Его прикосновение жгло кожу Габриэль сквозь тонкий шелк блузки. Она стояла, не в силах шевельнуться. К ее горлу подступили слезы стыда и отчаяния, но тут послышался голос Мишеля:

– Крошка Гэвин споткнулся и ободрал колени. Пожалуй, тебе стоит подойти и успокоить его.

Габриэль оттолкнула Рэдфорда. Она не смотрела на Рэдфорда, не отваживалась на него смотреть.

– Спасибо, Мишель. Где ребенок? Веди меня к нему.

Прошло немало времени, прежде чем она вновь обрела спокойствие. Она едва не предала Гэвина, и только вмешательство Мишеля спасло ее. Мысль об этом мучила, иссушала, сердце.

Когда Габриэль и Рэдфорд встретились вновь, они оба понимали, что вплотную приблизились к Рубикону и должны его перейти.

– Я вылетаю в Париж утром после нашего последнего концерта в Америке, – сказала Габриэль. Под ее глазами выступили темные круги, лицо, неизменно искрившееся лукавством и смехом, было бледным и хмурым.

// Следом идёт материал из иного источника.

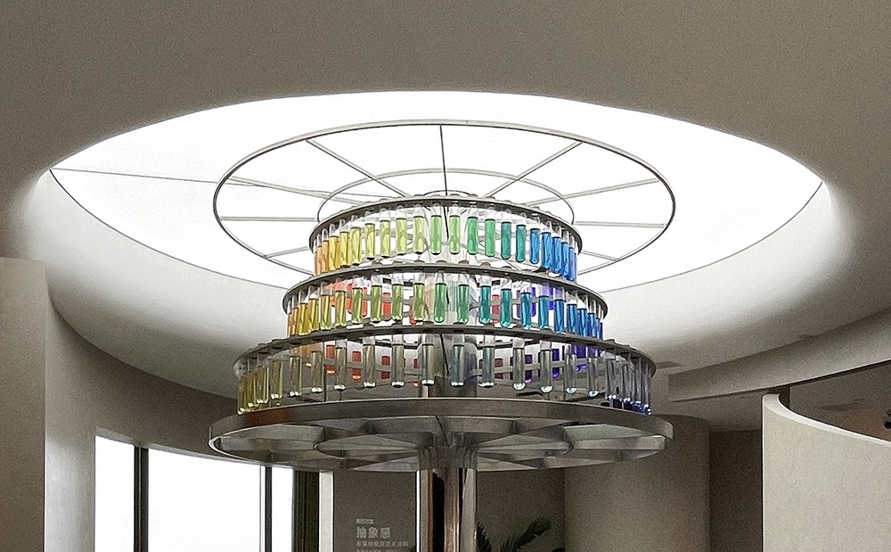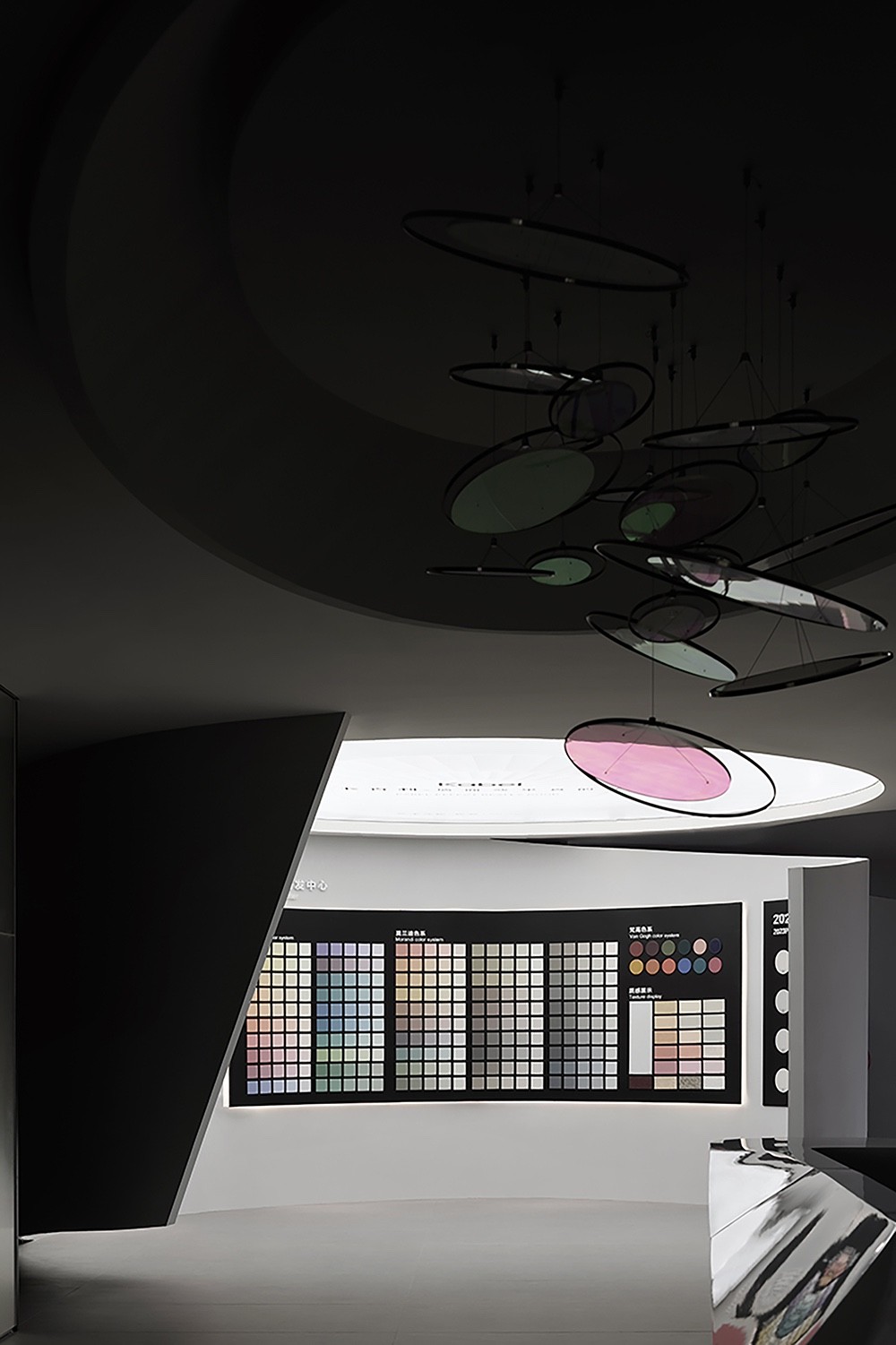 在展厅的大堂领域,一组绚丽的圆形彩色亚克力灯片宛如星辰点缀。灯光如诗,穿越彩色的亚克力灯片,轻轻抚摸过墙面和地面,把空间幻化成梦幻的彩色宇宙。这一巧妙的设计,如同旋律绕梁,不仅在视觉上演奏出动人的音符,更赋予了展厅独特的灵魂和气质,进一步诗化了涂料展品的主旋律和特色。

Рэдфорд видел, что не в его силах уговорить ее остаться.

– Я беру другую певицу, – хриплым голосом произнес он. – Но лишь на время. Ты по-прежнему остаешься членом группы. – Понимая, что еще секунда – и он окончательно потеряет самообладание, Рэдфорд повернулся и быстро пошел прочь.

Она смотрела на его стройные ноги, обтянутые голубыми джинсами, на широкие плечи с бугрившимися под белой футболкой мускулами и ненавидела себя за чувство сожаления, пронизывавшее ее до глубины души.

Когда две недели спустя Габриэль входила в вестибюль «Георга V», чтобы встретиться с Сереной, она все еще чувствовала себя подавленной.

Серена приехала в Париж накануне. Она сообщила о своем прибытии по телефону и добавила, что уже получила вьетнамскую визу. Габриэль ничуть не удивилась. Она понимала, что такой «пустяк», как получение разрешения на въезд в страну, охваченную войной, не представляет ни малейшего затруднения для женщины, у которой наверняка есть друзья в самых высоких кругах.

Пересекая роскошный вестибюль, Габриэль улыбнулась. Она не удивилась бы, даже скажи ей Серена, что ее отец – министр внутренних дел Британии.

– Габриэль! – крикнула Серена, устремляясь ей навстречу, ослепительно красивая в клубнично-розовом шерстяном костюме с короткой юбкой.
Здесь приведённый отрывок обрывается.